MCP performance and rate limits

Loomi Connect MCP applies rate limits and caches responses to protect service stability. This page covers performance considerations, how limits and cache behave, and what your client should do.

Performance

Dashboard-level APIs: Tools call the same APIs that power the Bloomreach UI, not dedicated backend endpoints. Responses can be slower or less consistent than a production API.
Analytics latency: Ad-hoc analytics computations can take 10 to 30 seconds on large datasets.
Cross-project calls: Cross-project overview tools make one API call per project and can be slow on organizations with many projects.

Rate limits

Rate limits prevent burst traffic from overwhelming downstream systems.

A single request can be subject to multiple limits. All applicable limits must pass before the tool runs.

If a request exceeds a limit, the MCP returns an error with retry guidance. Back off and retry once the suggested wait time has passed.

⚠️
Warning
The server returns the following error message in response if a tool call is rate limited:
Too many requests: rate limit reached for key '<key>' (<limit>). Retry after ~<N> second(s).
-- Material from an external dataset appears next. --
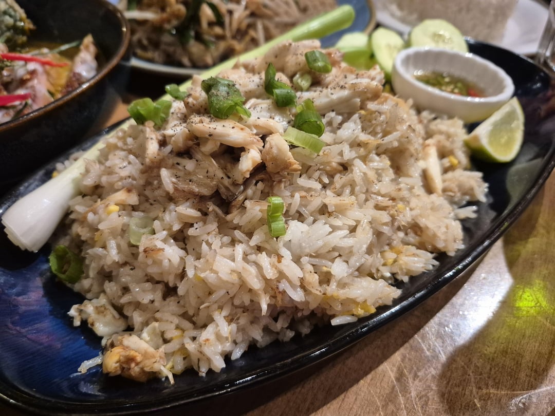 Khao Pad Puu (Crab fried rice, egg, onion and served with spicy fish sauce)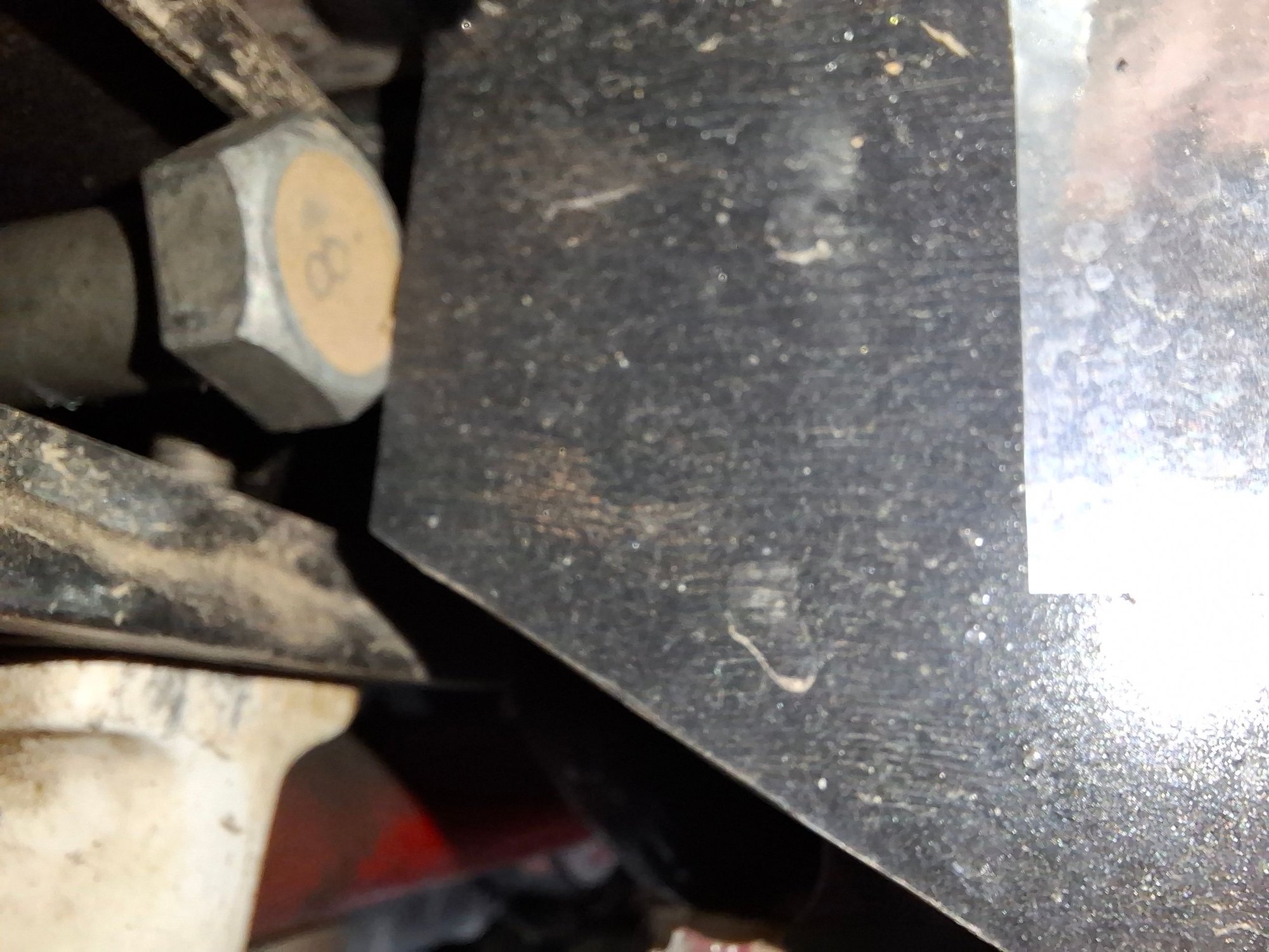 This photo shows the head of the bolt contacting the rear of the blade bolted to the chassis rail. This is the rear of the blade shown inverted in the above photo.

Downstream project APIs impose their own limits as well. Handle throttling errors even after a request passes MCP-level checks.

Handle rate limit errors

Apply retry and backoff logic in your client. Exponential backoff is a common pattern.

Caching

Loomi Connect MCP caches responses to reduce load on the Engagement API and improve latency. Expect some reads to come from cache. If your workflow depends on near-real-time data, account for a short delay between when a change is written and when it becomes visible in MCP reads.

Cache lifetimes

Cache lifetimes vary by resource type:

Resources that change frequently are cached for only a few seconds.
More stable metadata caches for longer.